Cars are not excluded, but given the abuse they take, the older the car, the harder it is for you to prove the fault wasn’t due to misuse, or that the fault wasn’t inherent at the time of manufacture (ie, was the car rusting when it left Hiroshima).
Yes it certainly works and we had a £1000 repair done free of charge out of normal warranty (4 years old) when the garage agreed the part which had failed must have been fitted wrongly during assembly at the factory.
As I understand it, for the first 6 months the onus is on the seller to show the goods were satisfactory and to show the customer was at fault if the goods failed. After that the onus is on the customer to show the goods were not suitable which we were able to do by pointing out that the whole dash needed to come out if it was our fault!

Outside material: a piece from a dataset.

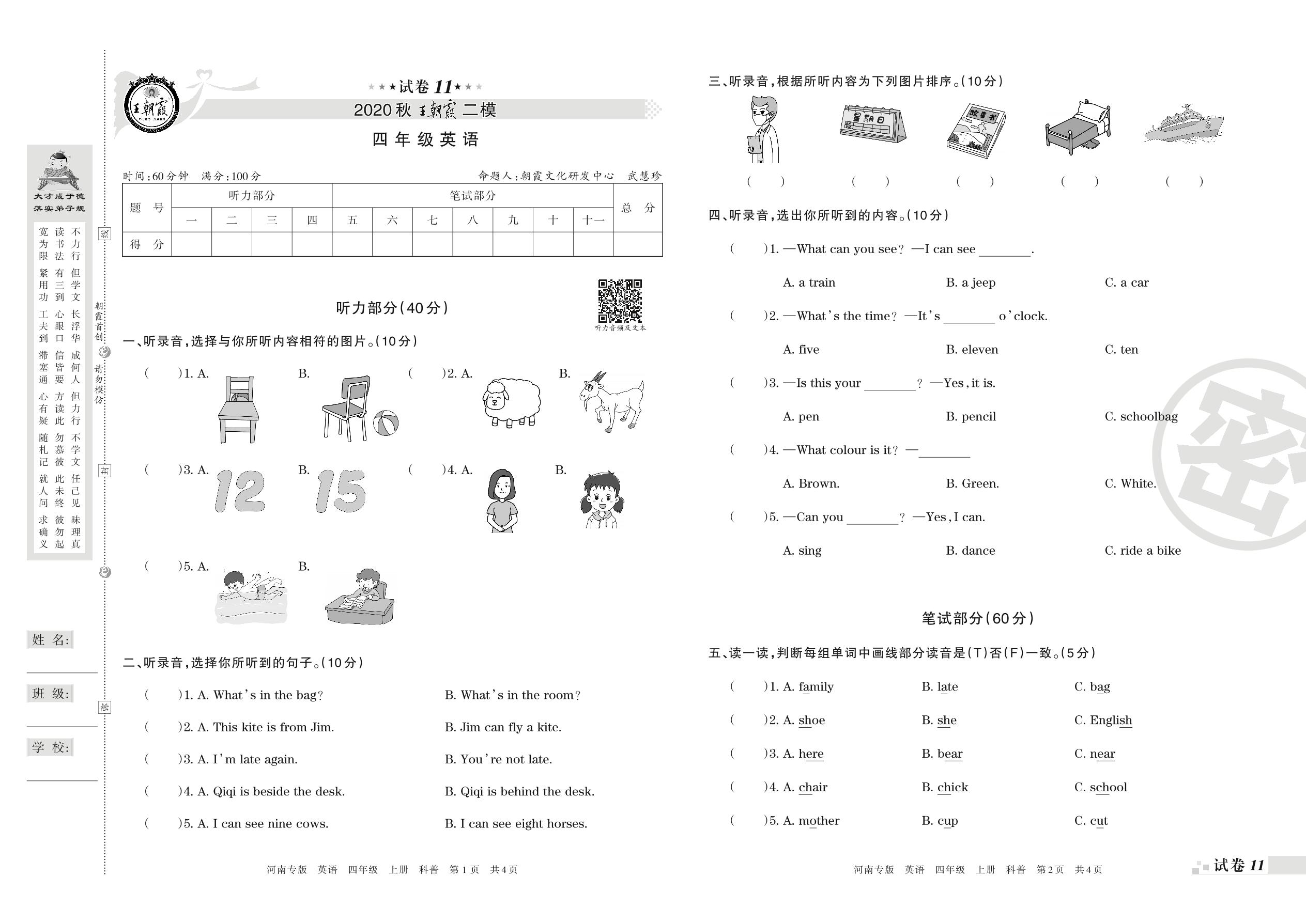 王朝霞期末模拟卷四年级上册英语(科普版)【11】

We had a claim a few years ago with a pair of leather settees. One had developed faults in the covering leading to what looked like splits appearing on one arm and a fixed cushion at 22 months old. We had a 12 month warranty period which had obviously expired but after a bit of research we found that this rule that the goods must be of serviceable quality when supplied by the seller and you have a right to a claim for up to 6 years. It became apparent that the faults were already in the leather at the manufacturing processing. We had a leather furniture specialist examine the settees and he gave us a written report which stated the faults at manufacture. It was up to us to prove that the faults in leather were not our doing through miss use, which the report confirmed.
Before we got a specialist involved the sellers were trying to wriggle out of any claim by us of the faults, actually saying we may not be using them correctly. I mean all we were doing was sitting on them, I wonder what they meant???..hmm. They agreed on a repair at first but having spoken to the specialist again he agreed that the repair would look odd, new leather against 22 month old leather, so they agreed to replace the whole settee. After a few weeks we took delivery of not one but two new leather settees. When I enquired why two replacements had arrived they said their head office department had been onto them to order the two instead of just the single one. That letter of complaint to HQ must have worked, which I wrote separately when I had received a very slow response initially from their local branch. We also got our money back for the bill for the specialist report.